Elizabeth Delia Dixon-Carroll (1872-1934) served as college physician and taught physiology and hygiene at Meredith for 35 years. After earning her medical degree in 1895 from Women's Medical College in New York, she became the first woman licensed as a doctor in Raleigh and maintained a practice in Raleigh. She also became an integral part of the new women’s college when it opened its doors in 1899. Respected and beloved, she remained there until her death 35 years later. Carroll Infirmary, later Carroll Hall, was named for the doctor when it was dedicated in 1962.
While at Meredith, Carroll formed a close bond with many of the students and faculty through her lectures and classes, her medical care and campus projects. Jokes abound in the yearbooks referencing student’s efforts to outmaneuver her supervision and rules.
Specifically, Dixon-Carroll had inflexible ideas on self-care.

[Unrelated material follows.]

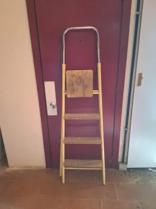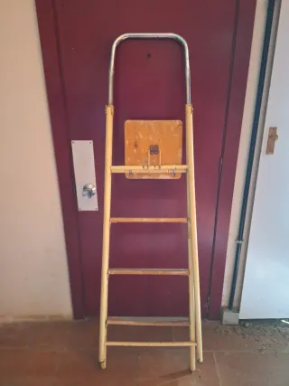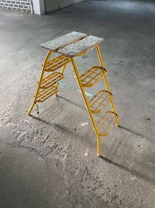 Escalera plegable de uso doméstico. Madera y metal. Medidas desplegada: 145 x 74 x 46 cm Medidas plegada: 153 x 11 x 49,5 cm - Estructura metálica amarilla. - Plataforma superior de madera. - Tres peldaños de madera.

She insisted that students wear long-sleeved undergarments and high-topped shoes from November 1st to April 1st. Her other rules were itemized in a chapel talk in 1930. Dixon-Carroll declared that “every girl needs nine hours of sleep and must have at least eight. Both windows should be wide open and the heat turned off. The body can be sufficiently heated with heavy blankets, but the head must be kept from under the covers in order to get pure wholesome air.” After a bath, breakfast and brushing the teeth, Dixon-Carroll recommended “a brisk walk for an hour or two is the best exercise you can get, but not in the slouchy way in which girls stroll to the gate and back.”
In addition to her work as a physician, Dixon-Carroll was known in North Carolina for her political and social work. She spoke on behalf of the women’s suffrage movement and worked as a trustee for Samaracand, a Moore County institution for troubled girls and women. But recent evaluations of Dr. Dixon-Carroll lead to a more complete understanding of her activism: woman suffrage was promoted as a tool for white supremacy to suppress African-Americans; Samaracand had a flawed, sometimes abusive culture. She was a an officer in the United Daughters of the Confederacy, an organization with a troubling history. And it is significant to note that her brother, Thomas Dixon, Jr., a white supremacist, wrote two best-selling novels, The Leopard's Spots: A Romance of the White Man's Burden 1865-1900 (1902) and The Clansman: A Historical Romance of the Ku Klux Klan (1905.)
Dr. Angela Robbins, Associate Professor of History at Meredith College, has researched and written about Dr. Dixon-Carroll, and has observed:
"Dixon-Carroll’s life and career offer insight not only into her own complicated legacy but also the significance of white women to the causes of racial segregation, white supremacy, and Democratic Party leadership. Perhaps more than any other Meredith College figure for whom a campus building has been named, she presents us with a predicament: while we celebrate that she was a feminist, a successful professional, and a leading social reformer who embodied precisely what women’s education was about and what her students aspired to be, we must also reckon with the reality that she used her standing in the community and her status as a Dixon to insist that white women, including her students, use their newfound political voice to preserve white supremacy for the ages."
In 2023, in light of recent research, the Board of Trustees elected to rename Carroll Hall as the Student Health and Wellness Center.